Робин Шарма - 9 тайных посланий от монаха, который продал свой «феррари»
– Там самое удачное освещение, – пояснила Мэри.
Я спросил, как они познакомились с Джулианом. Мэри рассказала, что встретила его очень-очень много лет назад в Нью-Йорке, когда была еще совсем молоденькой и работала художницей.

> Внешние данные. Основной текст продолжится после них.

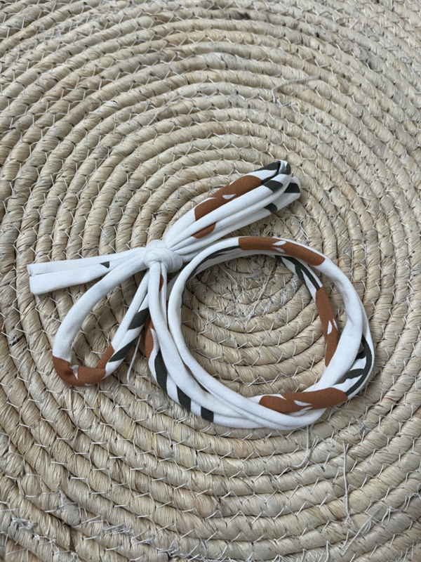 Haarstrikbandje | BLOEM CAMELDe haarstrikbandjes hebben ongeveer een lengte van 125 cm lang zodat je ze 1 of 2 keer om het hoofdje kan knopen en zelf kan strikken. Mocht je hem te lang vinden dan kan je ze zelf op maat knippen. De strikbandjes zijn ook…

– Джулиан купил тогда пару моих картин. Он еще был тогда адвокатом и разбрасывался деньгами, как пьяный матрос. – Мэри рассмеялась. – После этого мы какое-то время не пересекались, а потом, уже после того, как я вернулась сюда, он нашел меня.
– Он, должно быть, настоящий фанат ваших работ, раз нашел вас даже здесь, – заметил я.
– Нет, дело не в этом, – сказал Мэри. – Это было уже после его возвращения из Сиваны. Он хотел встретиться со мной, чтобы поговорить.
Я подумал о своих старых школьных друзьях, соседях по комнате в колледже, обо всех тех, дружбу с кем я по неосторожности не смог уберечь. А были еще и те, кого я умышленно игнорировал. Я почувствовал острую боль в груди. Джуан попадал как раз в эту, вторую категорию. После ужина с Дэвидом и Свеном он несколько раз заходил повидаться со мной. Он был растерян. Дэвид и Свен обрушили на него целую лавину заданий. Устанавливали практически невыполнимые цели и абсолютно нереальные сроки. Они требовали от него отчетов и счетов так часто, словно хотели его разыграть. Только вот Джуан не смеялся. Он стал беспокойным, нервным и напряженным. Каждый раз, когда он пытался поговорить со мной, я притворялся, что мне совершенно ничего не известно. Когда он попросил меня вмешаться, стать связующим звеном между отделом разработки и руководством, я уклонился от прямого ответа. В конце концов я стал избегать его.
Джуан не был глупцом. Он понимал, что у меня нет ни малейшего желания ввязываться во все это. Так что он перестал приходить в мой офис. Но я все равно видел его в коридорах, мрачного и исхудалого, с глубокими морщинами на лице, мешками под глазами и тоской во взгляде. В последний раз, когда я говорил с ним, мы случайно встретились на парковке.
– Ах, Джонатан, думаю, ты знаешь, что происходит, – сказал он печально. – И я также понимаю, что никто ничего не может сделать, чтобы помочь. Но мне уже пятьдесят пять лет. В отставку рановато, а если я уволюсь… Кому нужен старик вроде меня? – сказал он, сел в машину и уехал.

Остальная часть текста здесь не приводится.